"Магус" - читать интересную книгу автора (Аренев Владимир)

Глава одиннадцатая ТРЕСК СКОРЛУПЫ

Смотри же, надежда и желание водвориться на свою родину и вернуться в первое свое состояние уподобляется бабочке в отношении света, и человек, который всегда с непрекращающимся желанием, полный ликованием, ожидает новой весны, всегда нового лета и всегда новых месяцев и новых годов, причем кажется ему, будто желанные предметы слишком медлят прийти, — не замечает, что собственного желает разрушения! А желание это есть квинтэссенция, дух стихий, который, оказываясь заточенным душой человеческого тела, всегда стремится вернуться к пославшему его. И хочу, чтобы ты знал, что это именно желание есть квинтэссенция — спутница природы, а человек — образец мира. Леонардо да Винчи. «О природе, жизни и смерти»
1

Умирать, как и рождаться, бывает очень больно.

Истина, которая становится банальностью всего-то спустя два-три десятка смертей-рождений. Обычных, будничных смертей: ты засыпаешь, ты теряешь близкого человека, ты расстаешься с иллюзиями детства, ты расстаешься с невинностью младенца, свято верившего в идеалы, которых нет и никогда не существовало, — ты умираешь, умираешь, умираешь. Ты рождаешься: с каждым пробуждением, с каждым «люблю», на которое ответили взаимностью, с каждым распустившимся цветком, с каждым новым «могу!» и каждым новым «хочу!» — ты рождаешься, рождаешься, рождаешь себя.

Больно?

Бывает, что и больно.

Но чей-то голос зовет с той стороны ночи и забвения.

Иногда так:

— Пришел котик на порог, на порог в теплый, в темный вечерок, вечерок. Попросил он творога да молока, — кот по имени Пушистые Бока…

Иногда так:

— Мессер, мессер!..Думаете, он меня совсем не слышит? Скажите, маэстро, а он?..

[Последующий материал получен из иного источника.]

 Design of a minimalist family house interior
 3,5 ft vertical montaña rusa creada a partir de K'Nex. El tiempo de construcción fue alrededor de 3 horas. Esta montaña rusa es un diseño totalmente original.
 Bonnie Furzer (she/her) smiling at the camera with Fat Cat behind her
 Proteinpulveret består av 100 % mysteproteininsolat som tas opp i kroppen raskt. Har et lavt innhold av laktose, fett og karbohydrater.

Иногда — просто детским плачем.

Ты возвращаешься — иногда. Если совсем невмоготу слушать голоса. Или если уйти не получается.

Или если Кто-то…

Но об этом лучше не надо.

Спи. Тебя еще не взяли за поводок, не потянули обратно (голоса — не в счет, на них ты пока можешь не обращать внимания). Ты еще можешь оставаться здесь; а когда зов с той стороны становится слишком сильным, беги — в прошлое, в воспоминания, в прежние рождения и смерти.

Беги!..

2

В том-то и загвоздка: бежать Обэрто не мог! Сегодня он достаточно наупражнялся и в ходьбе, и в лазанье по трапу; да и постоянное ношение личины тоже сил не прибавило. А времени осталось — ровно до обеда, потом нужно будет встретиться с ресурджентами и объясниться.

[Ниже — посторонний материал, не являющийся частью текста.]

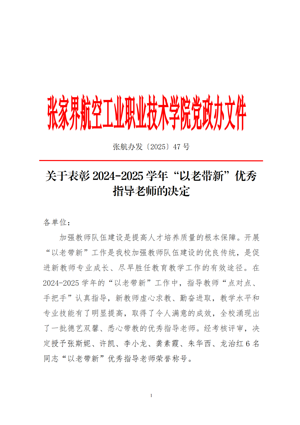 关于表彰 2024-2025 学年“以老带新”优秀 指导老师的决定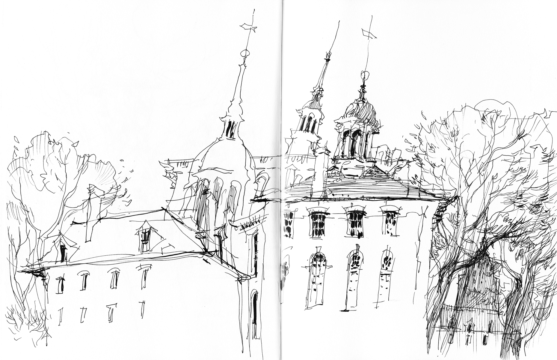 So – the reason this course (referring to my Travel Sketching course) has so much emphasis on drawing-at-speed and embracing-your-errors via single line sketching in ink – is exactly to do with this problem of ‘cartoony’ sketchbook drawings.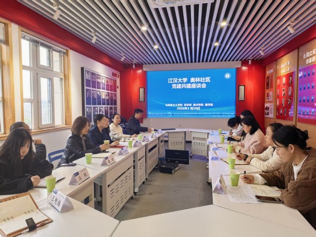 为深化校地合作,推动党建引领基层治理创新发展,3月20日上午,江汉大学与武汉经开区沌阳街道奥林社区在江汉大学马克思主义学院召开2026年党建共建座谈会。双方围绕总结共建经验、深化合作内涵、打造特色品牌等议题进行深入交流,共绘校社融合发展新蓝图。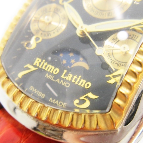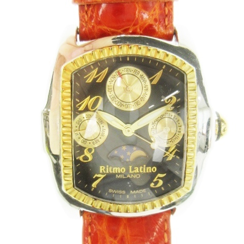 リトモラティーノ Ritmo Latino 腕時計 ウォッチ クォーツ クロノグラフ ムーンフェイズ レザー ドームガラス ゴールドカラー オレンジ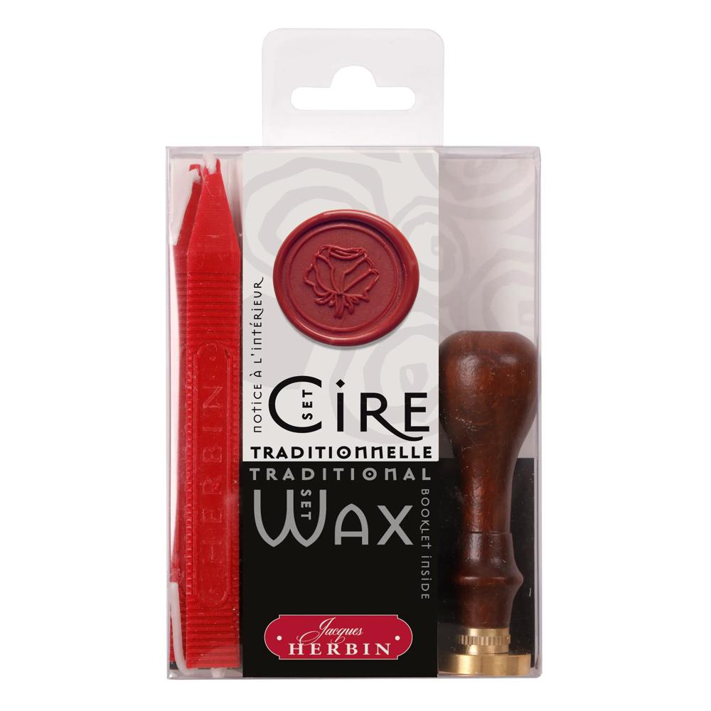 Un set idéal pour s'initier à la cire, comprenant: 2 bâtons de cire à mèche, 1 manche en bois, 1 sceau motif soleil 24 mm, 1 notice

«Даст Бог, успеем! — это все, чем ему оставалось себя обнадеживать. — Должны, должны успеть!»

По дороге он потребовал от Малимора полного, без утайки, рассказа обо всем. Сам уже знал или догадывался, как было дело, но решил, что лучше подстраховаться. Бывают детали, на первый взгляд незначительные, однако способные сыграть решающую роль.

— Когда ты стал custos'ом?

— А?

— Малимор!

— Ну ладно, ладно. Я, честно, не помню, когда стал хранителем. Просто однажды почувствовал, что могу точно определить, принадлежит ли тот или иной человек к фамилии Циникулли. Старые серваны говорят, такое случается, если долго служить какому-нибудь одному роду. Вроде само собой чутье появляется; хочешь этого или нет — значения не имеет. А вместе с чутьем как бы прорастает в тебе такая штуковина… когда соблюдение традиций становится самым важным в твоей жизни. Тогда даже слово основателя рода для тебя не указ — делаешь только так, как заведено испокон веков. Это страшно, между прочим, — заявил он, глядя снизу вверх на Обэрто. — Иногда и не хочешь, а делаешь. Еще и скрывать это приходится, потому что… ну, вы же знаете, каким бывает синьор Бенедетто. А тут традиция диктует свое, традиция и справедливость берут тебя за шкирку, как будто ты кукла и за все нити от рук-ног дергает кто-то другой, он — хозяин, а ты только исполнитель, не больше. С этим даже бороться нельзя, оно сильнее тебя во сто крат!

— Но почему ты отнес той женщине все перстни?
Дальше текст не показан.